Kirk Crowther, the current executive director of CDSS, echos similar concerns.

“There is an assumption made by the public that all people with Down syndrome look the same, they all have the same abilities, when really they’re just like the general population," he tells the Toronto Star. "Every person is different and they certainly want to be treated that way."

Naturally, Feda is quick to defend her intentions.

“All Barbies are the same. All Kens are the same," she tells the Toronto Star. "What we’re hoping to do is take that sameness and make it less threatening and have people be more accepting of it.”

She remains proud of her achievements.

“I like to think that because I’m somebody’s mother and not some marketer, that makes my dolls more attractive,” she says.

The dolls sell for $75 and are about 18 inches high, coming in a variety of skin tones and hair colours.

They were created by a doll sculptor in Michigan and a manufacturer in China that have designed 16 male and female versions of dolls.

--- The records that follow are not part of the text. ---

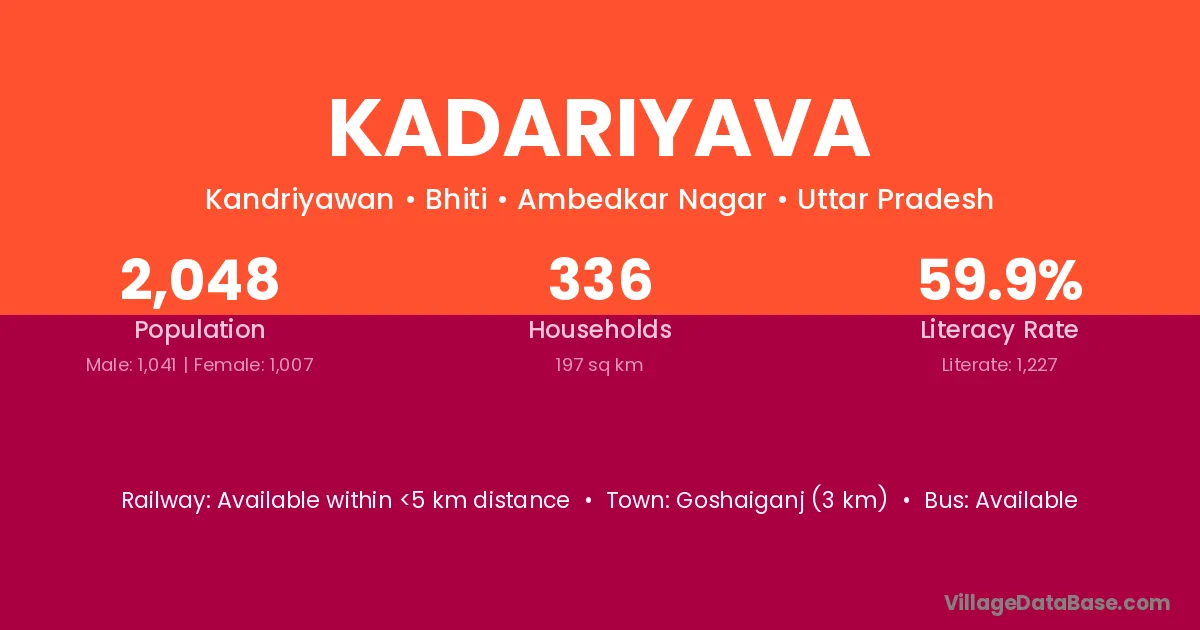 Goshaiganj (3 km) is the nearest town to Kadariyava village for major economic activities and is located approximately 3 km away.
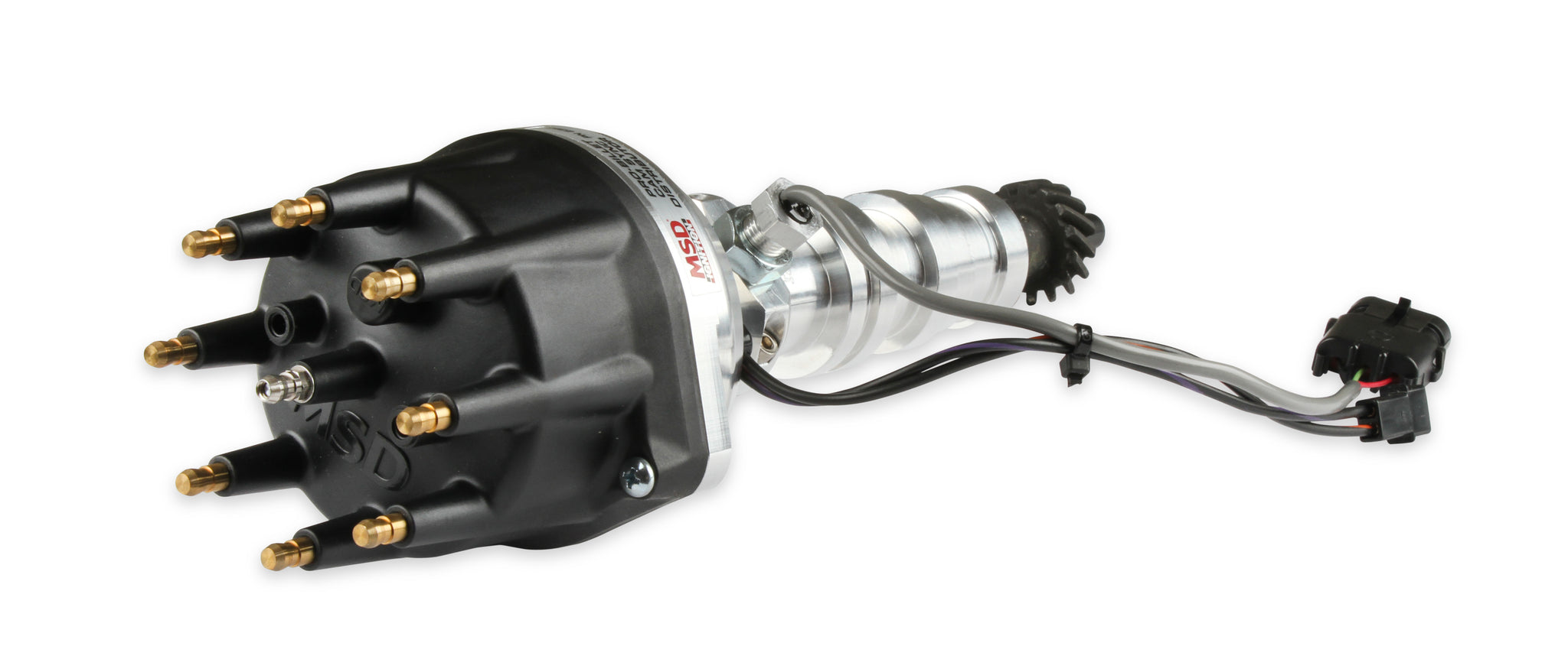 Each distributor is CNC-machined from billet aluminum creating a strong foundation. The caps are MSD designed and molded from Dupont® Rynite TM material for great strength and resistance to spark scatter. A great new feature is the two piece adjustable rotor that is supplied. This assists in setting up the proper rotor phasing for accurate timing and spark control.
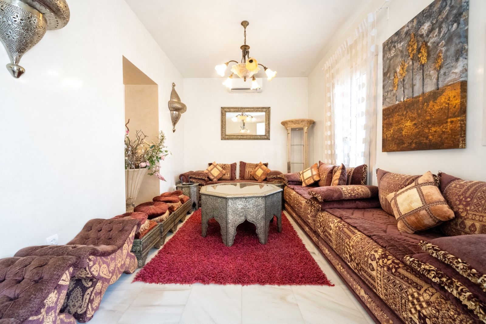 Inside, the finca features bright open living spaces with tall windows that fill the rooms with natural light. The main living area connects seamlessly to the dining space and a modern kitchen designed for entertaining. Three spacious bedrooms on the main floor and a peaceful master suite upstairs offer comfort and privacy. A rooftop terrace, private courtyard, and multiple outdoor dining areas make this home ideal for relaxed Mediterranean living.
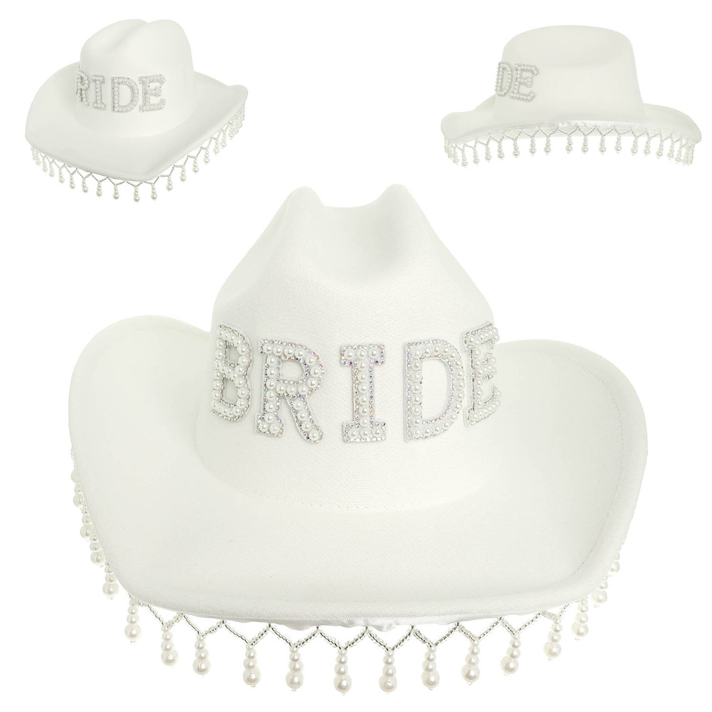 WESTERN "BRIDE" PEARL EMBELLISHED FELT COWBOY HAT WITH DECORATIVE PEARL
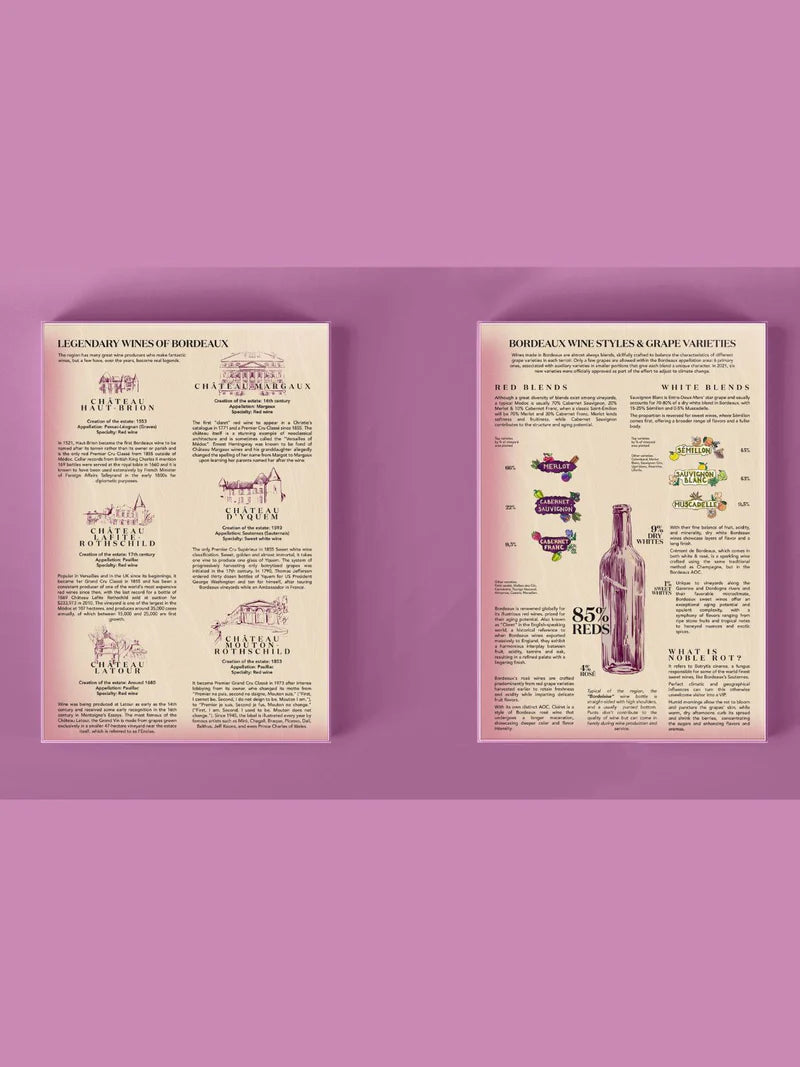 As you unbox the puzzle, you will also find additional information included like a guide to Bordeaux wine labels, a guide to the region's wine styles and grape varieties, as well as the profile of the most legendary châteaux of Bordeaux like Châteaux Margaux or Châteaux Mouton-Rothschild. Get ready to explore the famous Bordeaux and indulge in a puzzling experience like no other!

The dolls are specifically designed to help develop the motor skills of a child with Down syndrome, including large buttons, Velcro and heavy zippers. They can even be customized with a heart scar from surgery -- approximately half of all infants born with Down syndrome have a heart defect.

“They’re age appropriate,” Feda tells ABC. “A lot of times kids with intellectual disabilities are given baby toys. It’s condescending. It doesn’t mean their understanding of what they are is younger.”

Amazed by the success of her dolls, Feda admits being completely emotionally overwhelmed and crying when she received the first doll prototypes last month.

“Nothing could prepare me for how breathtakingly beautiful this doll is, top to bottom, when I took her out of the box,” she tells Babble.